▸ **PROBLEM TO SOLVE**
Give the listing below again exactly, but without any of its pictures.

------------------------------

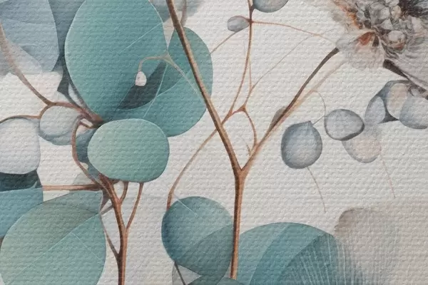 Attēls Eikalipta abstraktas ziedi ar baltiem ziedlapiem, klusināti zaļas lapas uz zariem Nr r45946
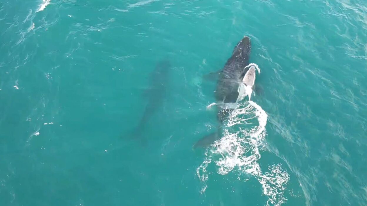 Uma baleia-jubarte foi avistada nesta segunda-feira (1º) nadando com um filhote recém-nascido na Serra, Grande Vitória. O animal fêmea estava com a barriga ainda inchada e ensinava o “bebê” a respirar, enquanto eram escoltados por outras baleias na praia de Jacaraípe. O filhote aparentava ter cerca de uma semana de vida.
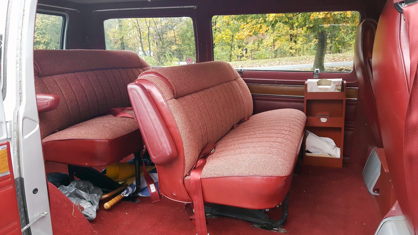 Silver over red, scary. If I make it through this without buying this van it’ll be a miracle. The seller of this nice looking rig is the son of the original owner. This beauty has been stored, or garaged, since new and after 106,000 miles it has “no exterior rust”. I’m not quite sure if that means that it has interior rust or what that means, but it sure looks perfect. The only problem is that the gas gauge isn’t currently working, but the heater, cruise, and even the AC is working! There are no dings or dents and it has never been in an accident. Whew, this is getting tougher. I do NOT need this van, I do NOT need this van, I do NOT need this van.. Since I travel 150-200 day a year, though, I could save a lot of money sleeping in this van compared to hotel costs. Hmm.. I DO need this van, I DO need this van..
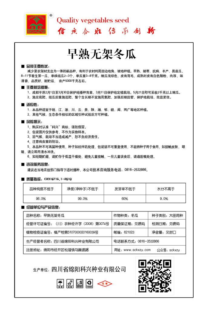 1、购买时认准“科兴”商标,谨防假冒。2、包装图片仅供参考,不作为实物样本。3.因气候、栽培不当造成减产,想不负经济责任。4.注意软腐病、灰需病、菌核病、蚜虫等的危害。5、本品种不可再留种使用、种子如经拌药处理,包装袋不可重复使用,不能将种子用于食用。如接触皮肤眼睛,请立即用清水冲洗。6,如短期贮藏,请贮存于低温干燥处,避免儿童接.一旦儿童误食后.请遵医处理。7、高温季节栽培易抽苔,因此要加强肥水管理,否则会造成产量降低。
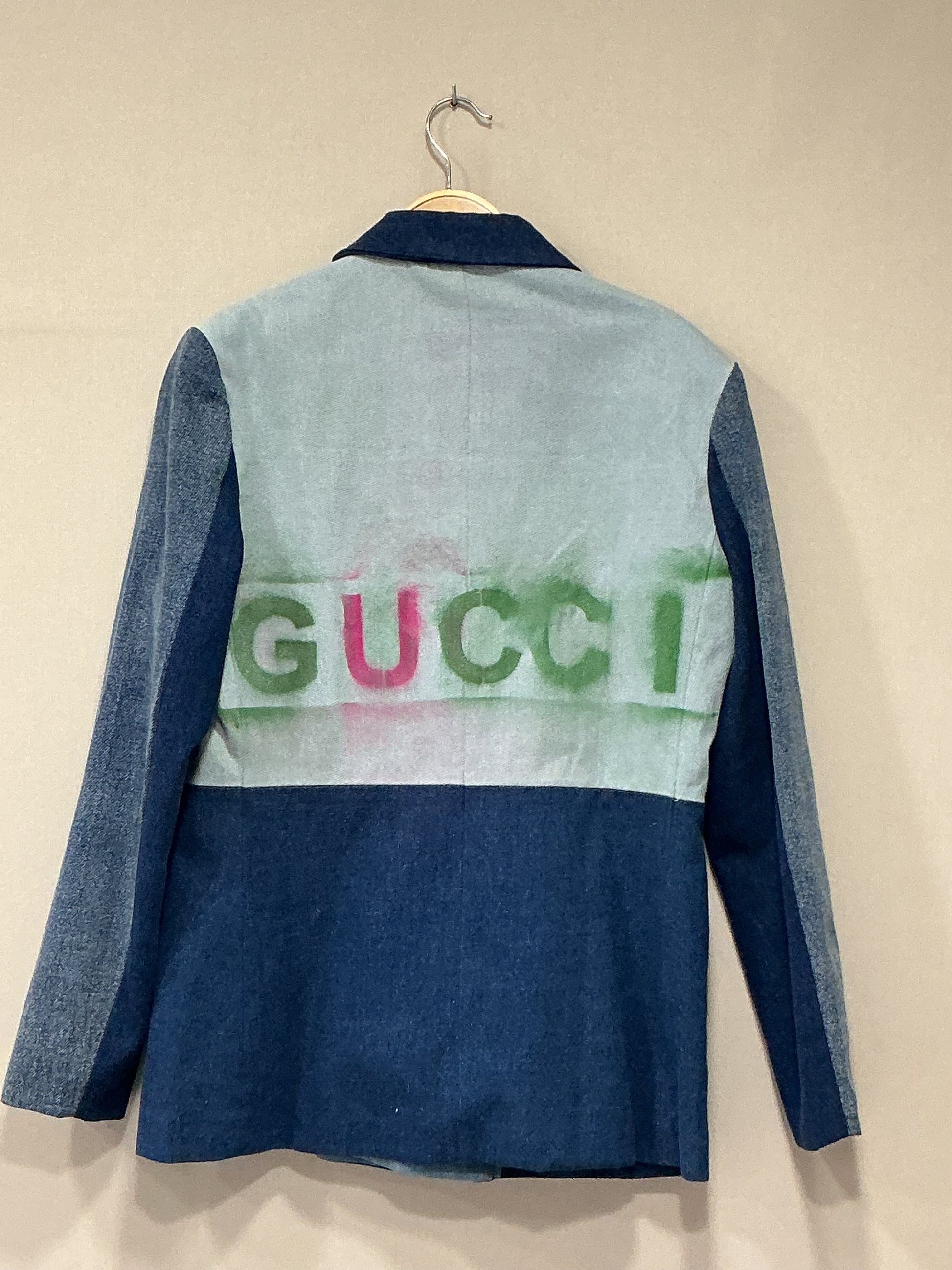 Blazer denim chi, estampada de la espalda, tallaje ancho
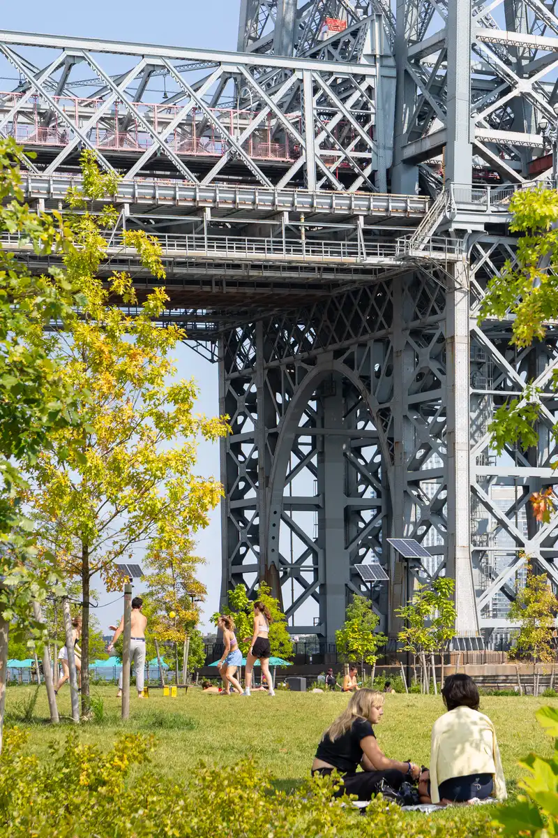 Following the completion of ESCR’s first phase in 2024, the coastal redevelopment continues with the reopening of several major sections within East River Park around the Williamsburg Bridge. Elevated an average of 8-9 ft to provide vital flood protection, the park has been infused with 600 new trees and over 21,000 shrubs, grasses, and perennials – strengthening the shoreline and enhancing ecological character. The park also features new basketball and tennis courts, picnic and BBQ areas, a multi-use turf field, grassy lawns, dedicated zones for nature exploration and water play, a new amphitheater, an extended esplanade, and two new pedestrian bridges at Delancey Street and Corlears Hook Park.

------------------------------

▸ **WRITTEN RESPONSE**
 Attēls Eikalipta abstraktas ziedi ar baltiem ziedlapiem, klusināti zaļas lapas uz zariem Nr r45946
 Uma baleia-jubarte foi avistada nesta segunda-feira (1º) nadando com um filhote recém-nascido na Serra, Grande Vitória. O animal fêmea estava com a barriga ainda inchada e ensinava o “bebê” a respirar, enquanto eram escoltados por outras baleias na praia de Jacaraípe. O filhote aparentava ter cerca de uma semana de vida.
 Silver over red, scary. If I make it through this without buying this van it’ll be a miracle. The seller of this nice looking rig is the son of the original owner. This beauty has been stored, or garaged, since new and after 106,000 miles it has “no exterior rust”. I’m not quite sure if that means that it has interior rust or what that means, but it sure looks perfect. The only problem is that the gas gauge isn’t currently working, but the heater, cruise, and even the AC is working! There are no dings or dents and it has never been in an accident. Whew, this is getting tougher. I do NOT need this van, I do NOT need this van, I do NOT need this van.. Since I travel 150-200 day a year, though, I could save a lot of money sleeping in this van compared to hotel costs. Hmm.. I DO need this van, I DO need this van..
 1、购买时认准“科兴”商标,谨防假冒。2、包装图片仅供参考,不作为实物样本。3.因气候、栽培不当造成减产,想不负经济责任。4.注意软腐病、灰需病、菌核病、蚜虫等的危害。5、本品种不可再留种使用、种子如经拌药处理,包装袋不可重复使用,不能将种子用于食用。如接触皮肤眼睛,请立即用清水冲洗。6,如短期贮藏,请贮存于低温干燥处,避免儿童接.一旦儿童误食后.请遵医处理。7、高温季节栽培易抽苔,因此要加强肥水管理,否则会造成产量降低。
 Blazer denim chi, estampada de la espalda, tallaje ancho
 Following the completion of ESCR’s first phase in 2024, the coastal redevelopment continues with the reopening of several major sections within East River Park around the Williamsburg Bridge. Elevated an average of 8-9 ft to provide vital flood protection, the park has been infused with 600 new trees and over 21,000 shrubs, grasses, and perennials – strengthening the shoreline and enhancing ecological character. The park also features new basketball and tennis courts, picnic and BBQ areas, a multi-use turf field, grassy lawns, dedicated zones for nature exploration and water play, a new amphitheater, an extended esplanade, and two new pedestrian bridges at Delancey Street and Corlears Hook Park.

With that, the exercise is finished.